Data entries:
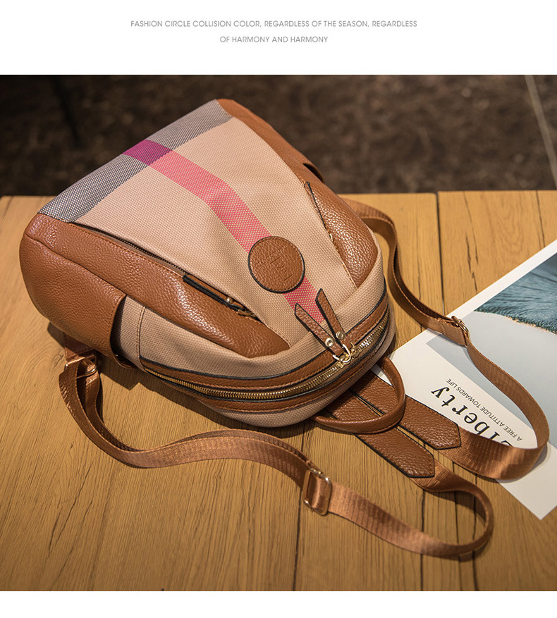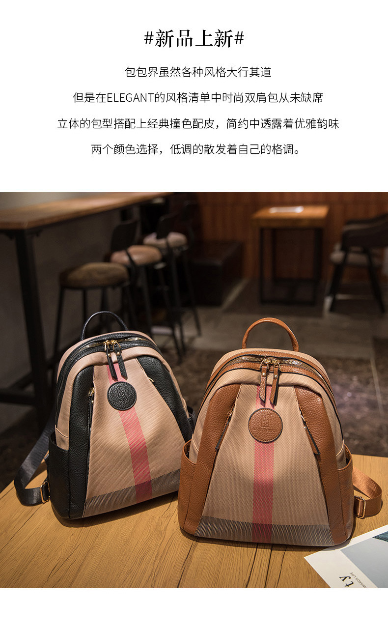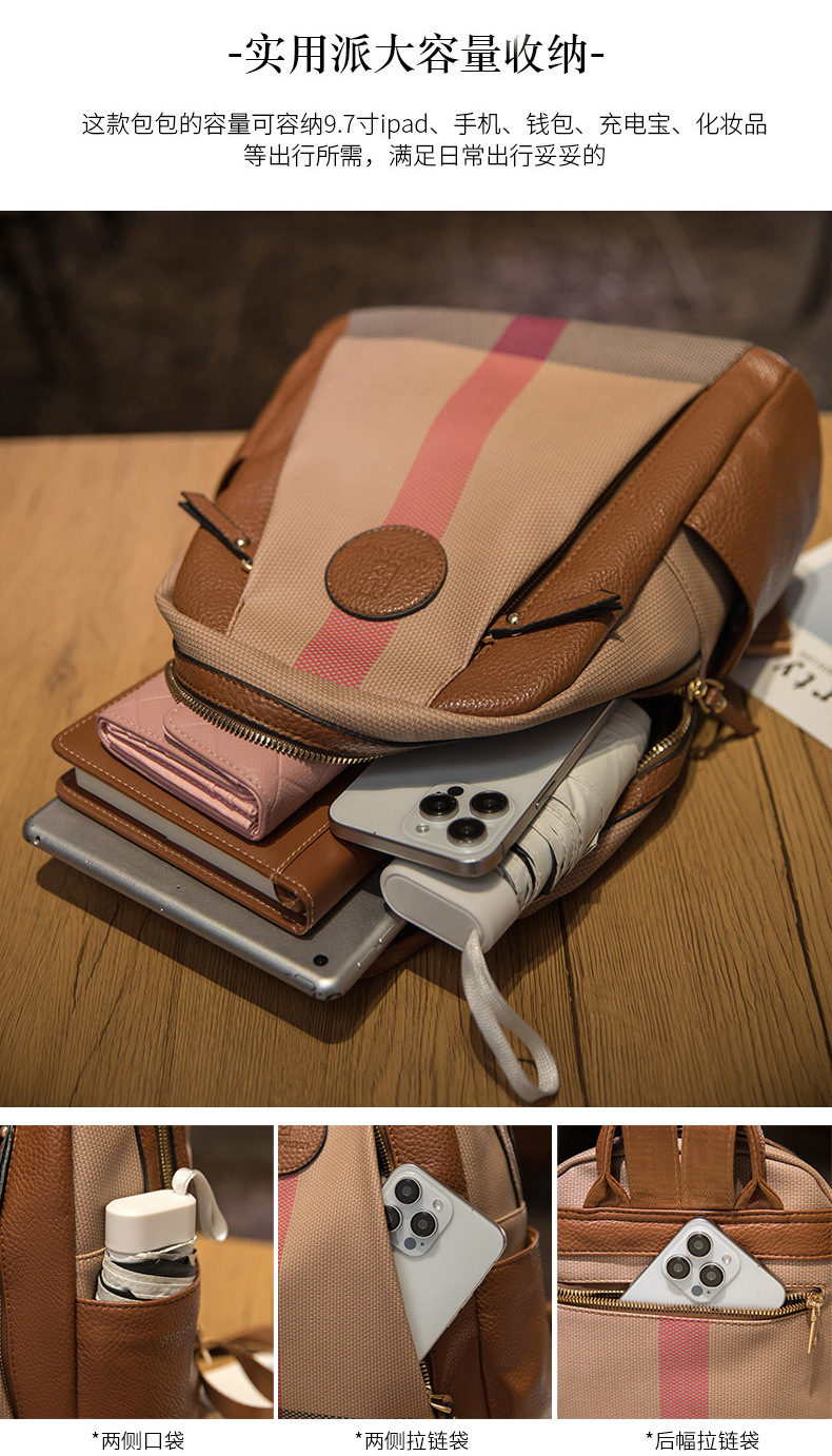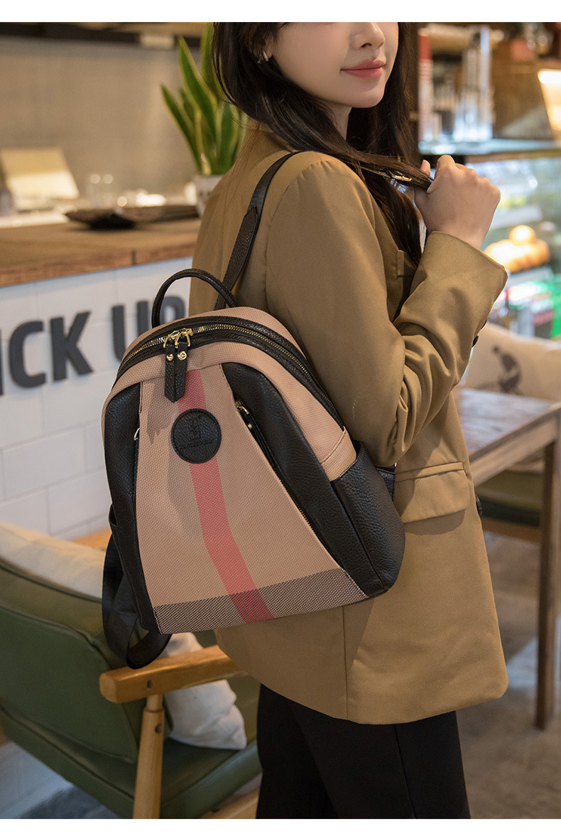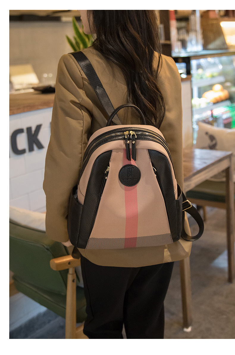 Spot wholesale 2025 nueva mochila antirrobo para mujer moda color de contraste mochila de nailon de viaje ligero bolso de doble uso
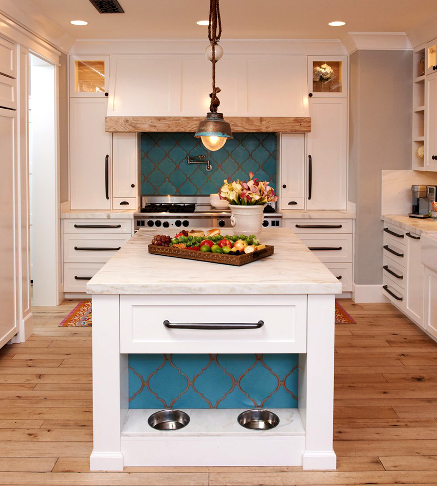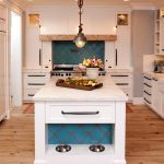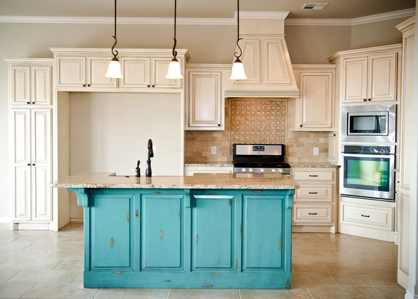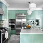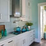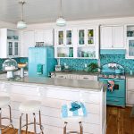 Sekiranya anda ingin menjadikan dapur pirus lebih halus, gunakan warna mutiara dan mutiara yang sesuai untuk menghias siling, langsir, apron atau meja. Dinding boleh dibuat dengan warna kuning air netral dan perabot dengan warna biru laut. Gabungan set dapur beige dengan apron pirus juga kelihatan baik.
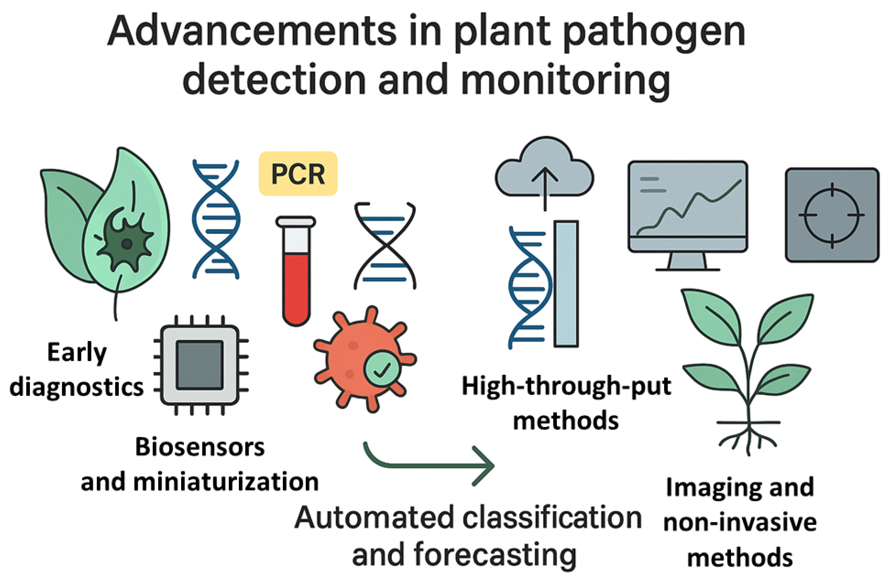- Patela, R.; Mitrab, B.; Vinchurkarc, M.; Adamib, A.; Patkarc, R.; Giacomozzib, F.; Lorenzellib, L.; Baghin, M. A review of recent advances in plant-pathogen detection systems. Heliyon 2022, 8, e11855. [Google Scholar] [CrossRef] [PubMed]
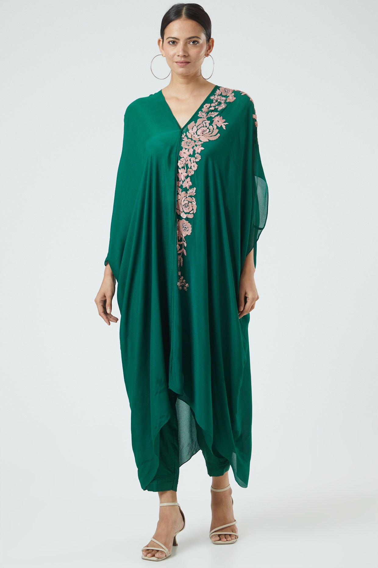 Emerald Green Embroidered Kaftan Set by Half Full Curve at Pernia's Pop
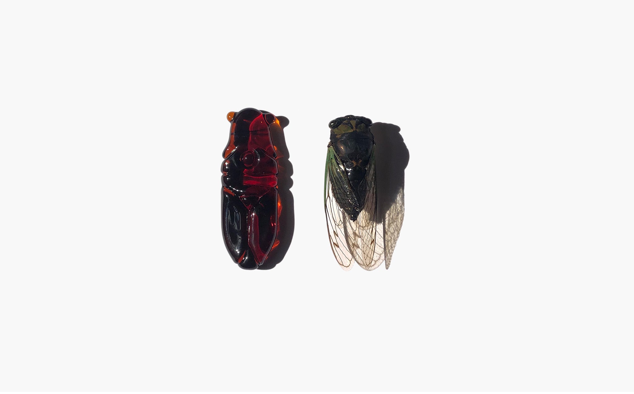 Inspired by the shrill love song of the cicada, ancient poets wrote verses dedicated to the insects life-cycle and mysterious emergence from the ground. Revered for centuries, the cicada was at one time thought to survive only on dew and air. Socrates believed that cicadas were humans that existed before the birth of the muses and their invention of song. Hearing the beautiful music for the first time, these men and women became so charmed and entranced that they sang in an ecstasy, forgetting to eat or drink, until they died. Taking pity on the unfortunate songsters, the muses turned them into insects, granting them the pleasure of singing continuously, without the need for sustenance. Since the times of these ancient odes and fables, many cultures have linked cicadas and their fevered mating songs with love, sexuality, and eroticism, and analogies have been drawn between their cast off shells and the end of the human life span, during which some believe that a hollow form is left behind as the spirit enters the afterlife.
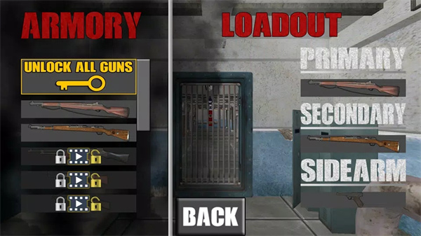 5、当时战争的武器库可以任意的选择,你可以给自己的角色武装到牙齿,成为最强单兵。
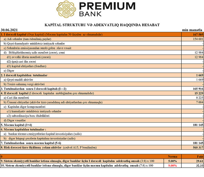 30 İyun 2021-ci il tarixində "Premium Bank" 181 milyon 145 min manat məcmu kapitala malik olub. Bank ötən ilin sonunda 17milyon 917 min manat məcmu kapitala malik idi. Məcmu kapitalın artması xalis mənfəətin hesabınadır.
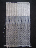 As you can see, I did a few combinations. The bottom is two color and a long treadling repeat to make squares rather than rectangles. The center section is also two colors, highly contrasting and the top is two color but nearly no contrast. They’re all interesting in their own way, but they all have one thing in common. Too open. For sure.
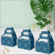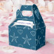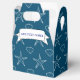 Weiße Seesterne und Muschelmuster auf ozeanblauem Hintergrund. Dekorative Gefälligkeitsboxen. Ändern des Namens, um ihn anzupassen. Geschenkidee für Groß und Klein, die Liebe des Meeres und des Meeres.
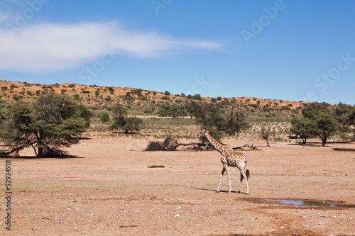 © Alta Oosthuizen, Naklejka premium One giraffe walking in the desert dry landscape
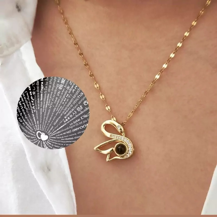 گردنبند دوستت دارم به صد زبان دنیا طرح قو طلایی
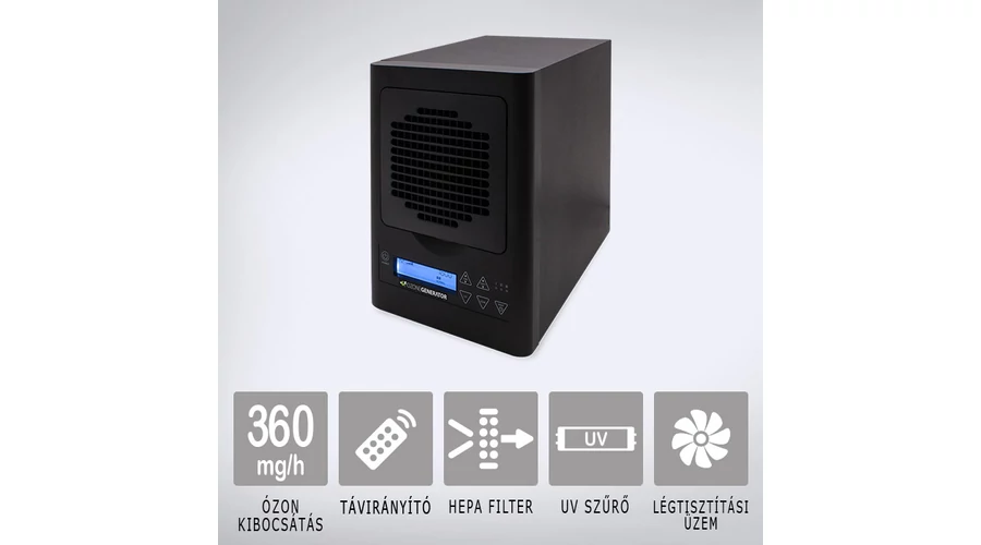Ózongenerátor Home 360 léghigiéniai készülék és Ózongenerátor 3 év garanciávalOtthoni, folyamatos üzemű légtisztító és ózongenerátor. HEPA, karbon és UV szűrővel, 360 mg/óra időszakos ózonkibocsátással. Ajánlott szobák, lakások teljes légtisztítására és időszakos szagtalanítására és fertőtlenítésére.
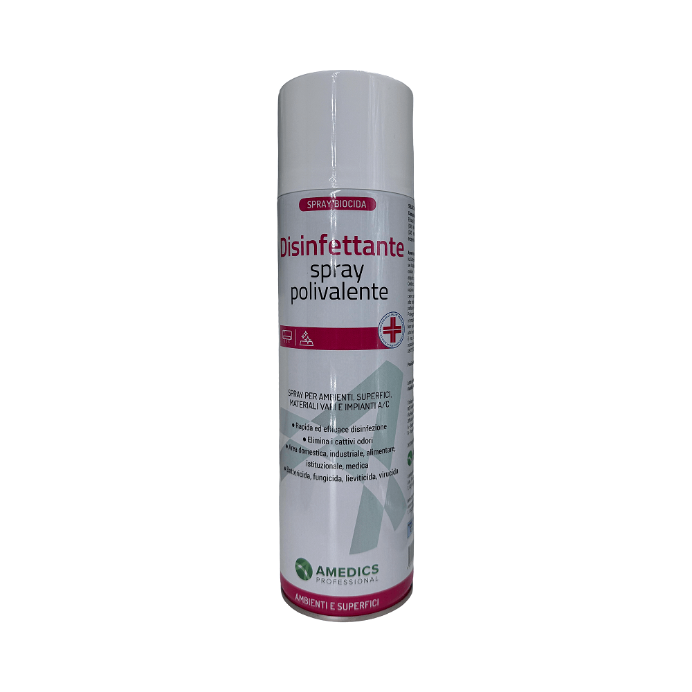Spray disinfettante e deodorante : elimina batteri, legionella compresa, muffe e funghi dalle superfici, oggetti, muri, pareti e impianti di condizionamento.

→ Work request
Beginning with the line above that contains "- Patela, R.;" and ending with the line that contains "Emerald Green Embroidered", quote each line exactly, keeping out the pictures.

→ Written solution
- Patela, R.; Mitrab, B.; Vinchurkarc, M.; Adamib, A.; Patkarc, R.; Giacomozzib, F.; Lorenzellib, L.; Baghin, M. A review of recent advances in plant-pathogen detection systems. Heliyon 2022, 8, e11855. [Google Scholar] [CrossRef] [PubMed]
 Emerald Green Embroidered Kaftan Set by Half Full Curve at Pernia's Pop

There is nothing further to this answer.